**WORK REQUEST**. With pictures excluded, copy word for word the lines in the data below from the line containing "參展商戶們早早備好貨物,在展" through the line containing "Слева размещен слот".

**TASK DATA**.

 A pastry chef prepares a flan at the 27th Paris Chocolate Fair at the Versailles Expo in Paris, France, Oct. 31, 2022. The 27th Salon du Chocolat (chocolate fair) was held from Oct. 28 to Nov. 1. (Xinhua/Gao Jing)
* * *
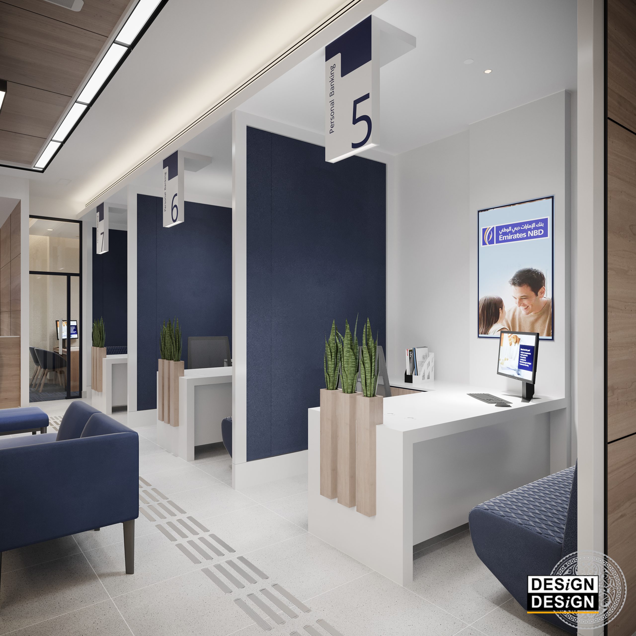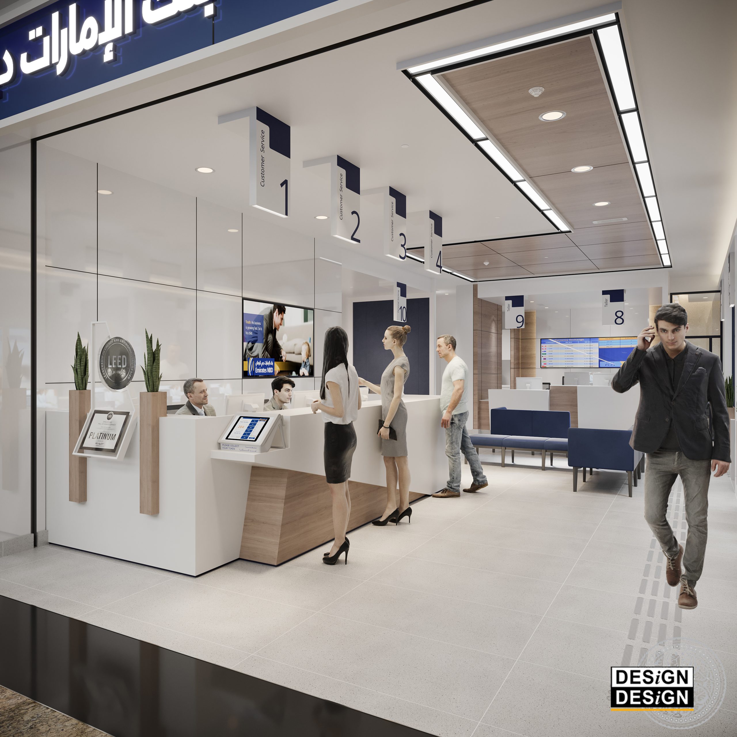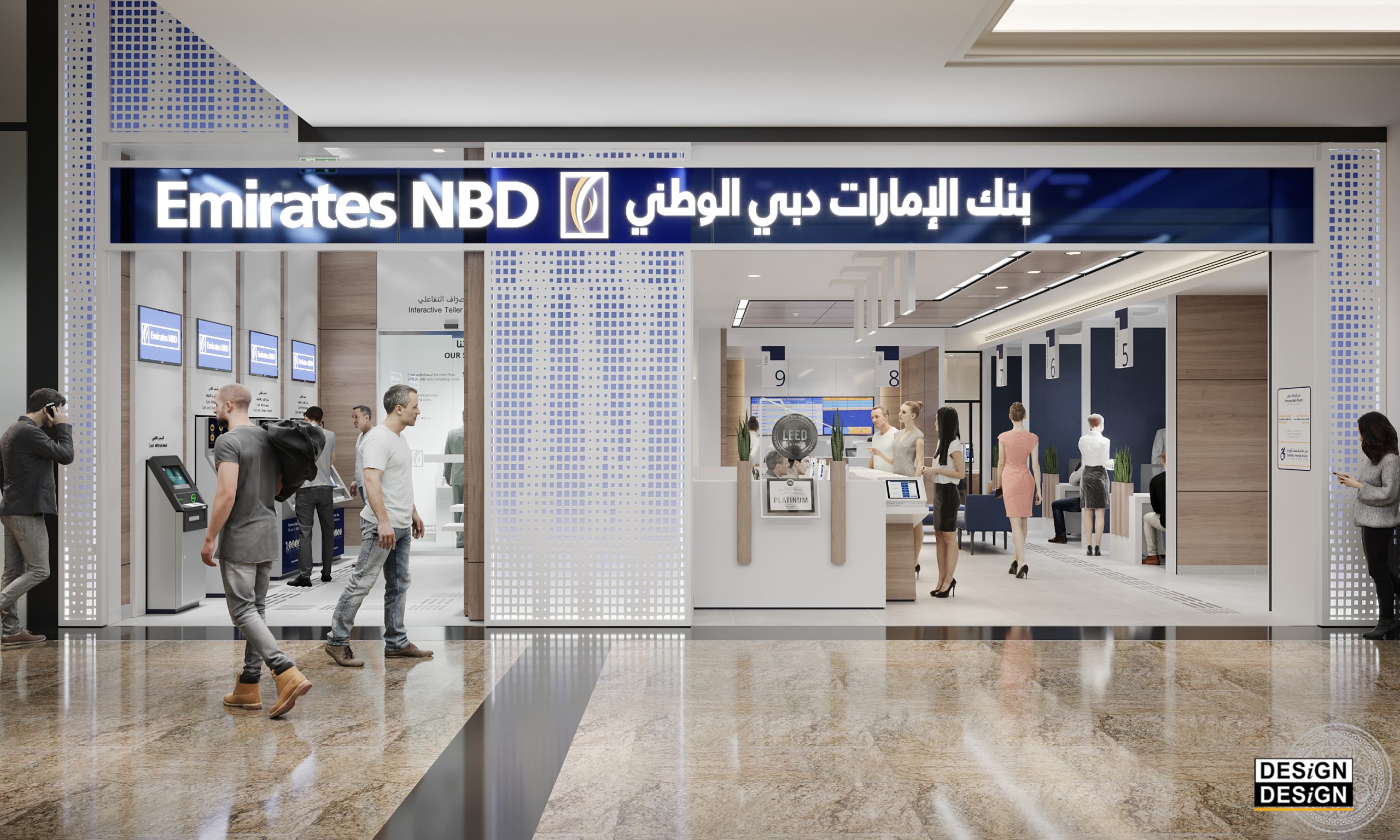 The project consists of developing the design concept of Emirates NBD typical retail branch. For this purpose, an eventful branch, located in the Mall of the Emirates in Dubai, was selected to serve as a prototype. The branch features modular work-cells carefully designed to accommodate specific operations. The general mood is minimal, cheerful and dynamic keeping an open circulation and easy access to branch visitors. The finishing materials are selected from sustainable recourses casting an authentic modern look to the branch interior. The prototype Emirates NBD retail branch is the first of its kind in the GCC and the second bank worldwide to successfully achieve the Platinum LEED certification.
--
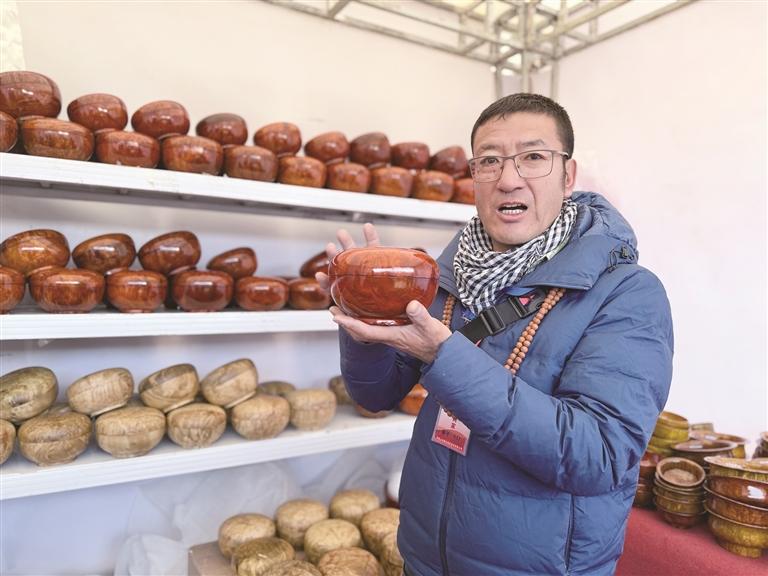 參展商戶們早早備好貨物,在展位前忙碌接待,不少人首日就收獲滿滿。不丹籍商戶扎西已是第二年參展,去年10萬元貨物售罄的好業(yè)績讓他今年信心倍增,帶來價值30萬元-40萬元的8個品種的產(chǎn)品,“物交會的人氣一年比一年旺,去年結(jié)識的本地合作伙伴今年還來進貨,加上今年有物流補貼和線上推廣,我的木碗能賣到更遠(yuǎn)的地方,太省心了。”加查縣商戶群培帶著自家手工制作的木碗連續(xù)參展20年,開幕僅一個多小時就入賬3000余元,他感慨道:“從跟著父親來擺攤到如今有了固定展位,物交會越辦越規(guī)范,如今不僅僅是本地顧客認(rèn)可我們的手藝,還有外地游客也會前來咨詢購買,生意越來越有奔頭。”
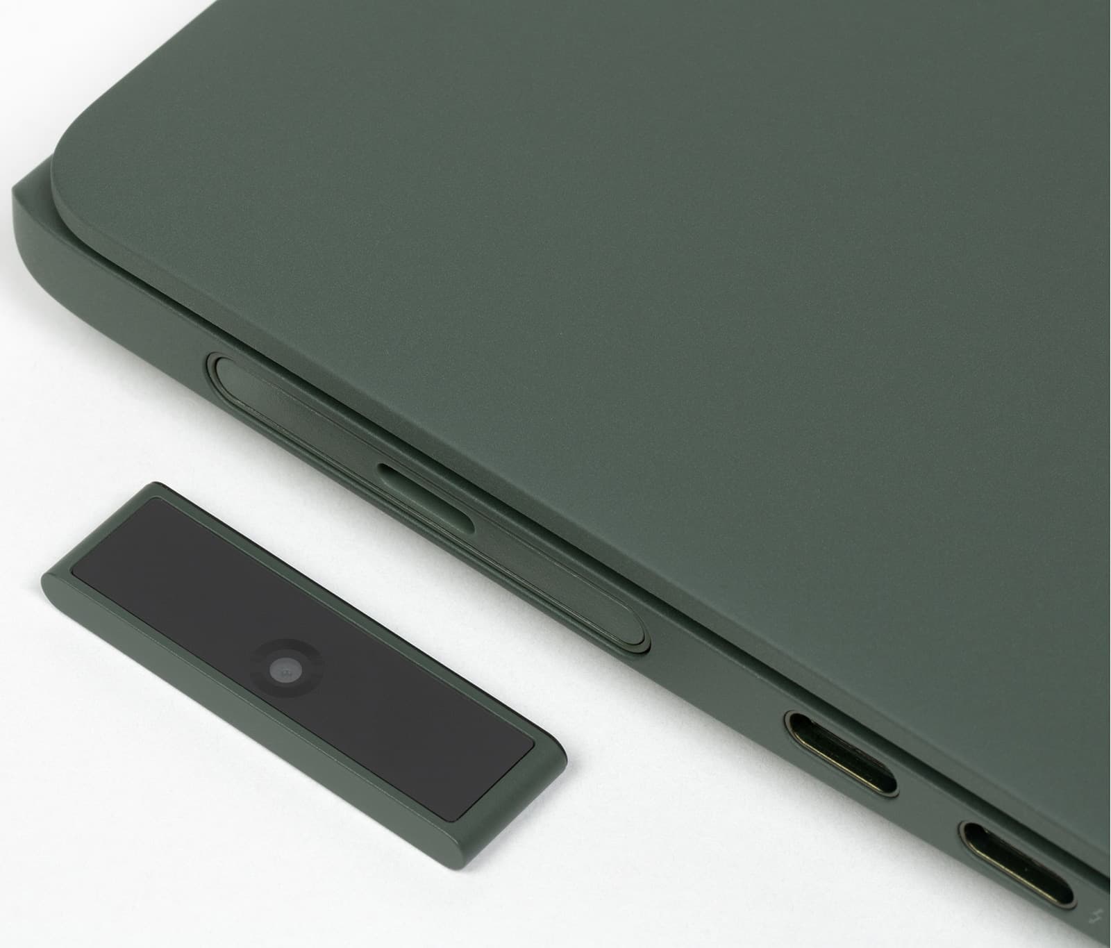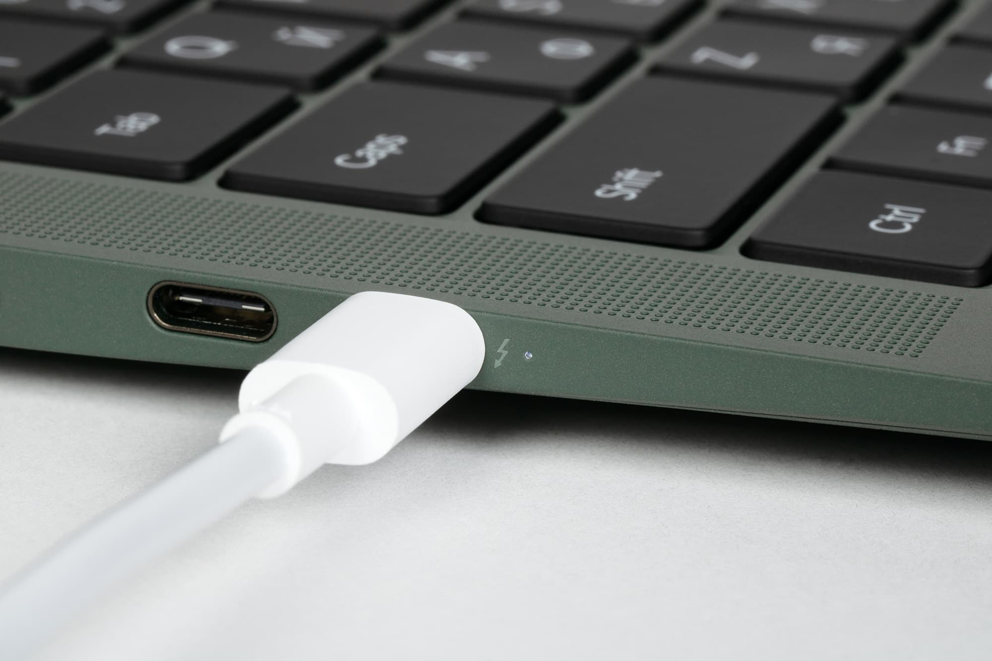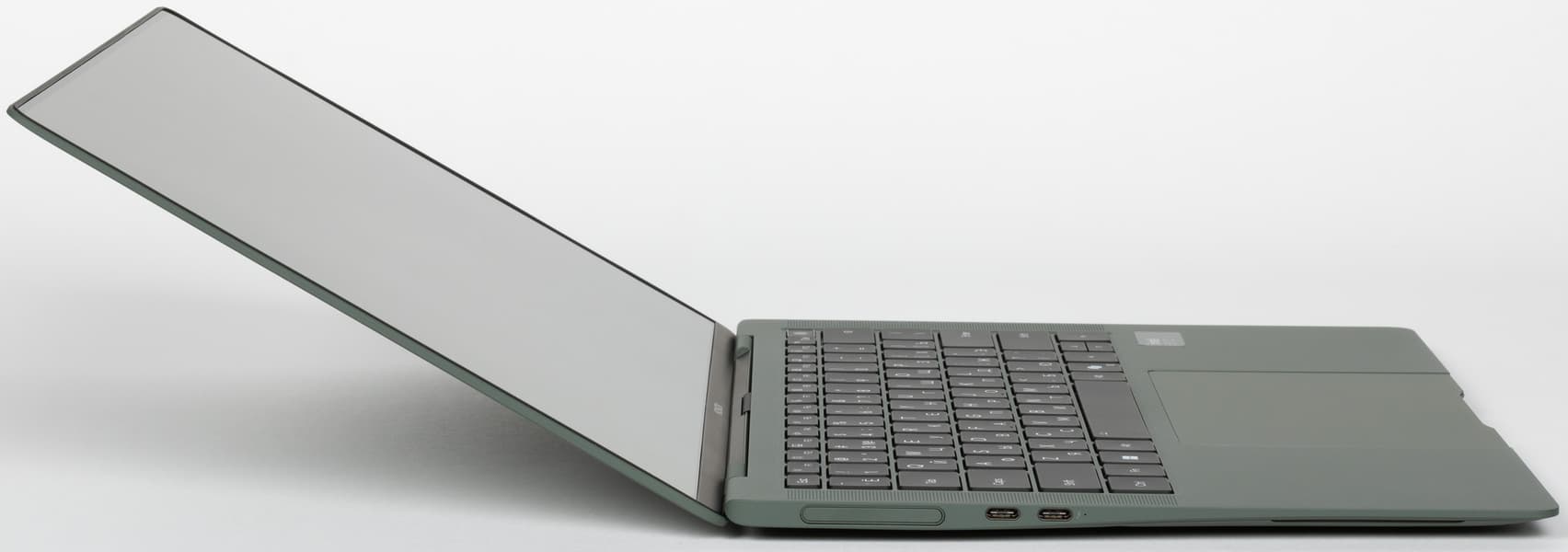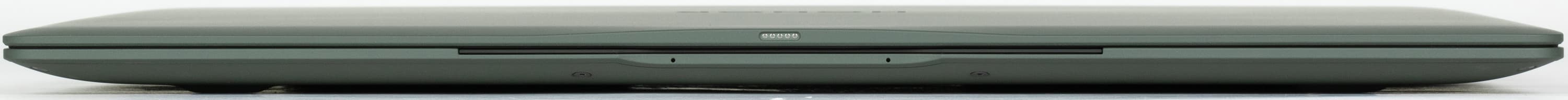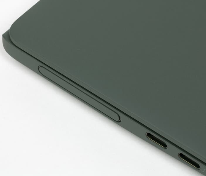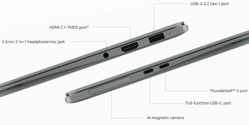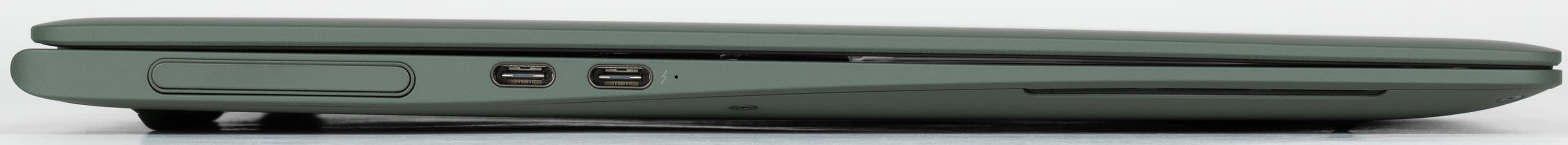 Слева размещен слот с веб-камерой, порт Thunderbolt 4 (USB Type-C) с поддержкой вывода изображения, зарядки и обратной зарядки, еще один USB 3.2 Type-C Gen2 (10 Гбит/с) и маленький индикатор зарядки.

**EXERCISE RESPONSE**.
 參展商戶們早早備好貨物,在展位前忙碌接待,不少人首日就收獲滿滿。不丹籍商戶扎西已是第二年參展,去年10萬元貨物售罄的好業(yè)績讓他今年信心倍增,帶來價值30萬元-40萬元的8個品種的產(chǎn)品,“物交會的人氣一年比一年旺,去年結(jié)識的本地合作伙伴今年還來進貨,加上今年有物流補貼和線上推廣,我的木碗能賣到更遠(yuǎn)的地方,太省心了。”加查縣商戶群培帶著自家手工制作的木碗連續(xù)參展20年,開幕僅一個多小時就入賬3000余元,他感慨道:“從跟著父親來擺攤到如今有了固定展位,物交會越辦越規(guī)范,如今不僅僅是本地顧客認(rèn)可我們的手藝,還有外地游客也會前來咨詢購買,生意越來越有奔頭。”
 Слева размещен слот с веб-камерой, порт Thunderbolt 4 (USB Type-C) с поддержкой вывода изображения, зарядки и обратной зарядки, еще один USB 3.2 Type-C Gen2 (10 Гбит/с) и маленький индикатор зарядки.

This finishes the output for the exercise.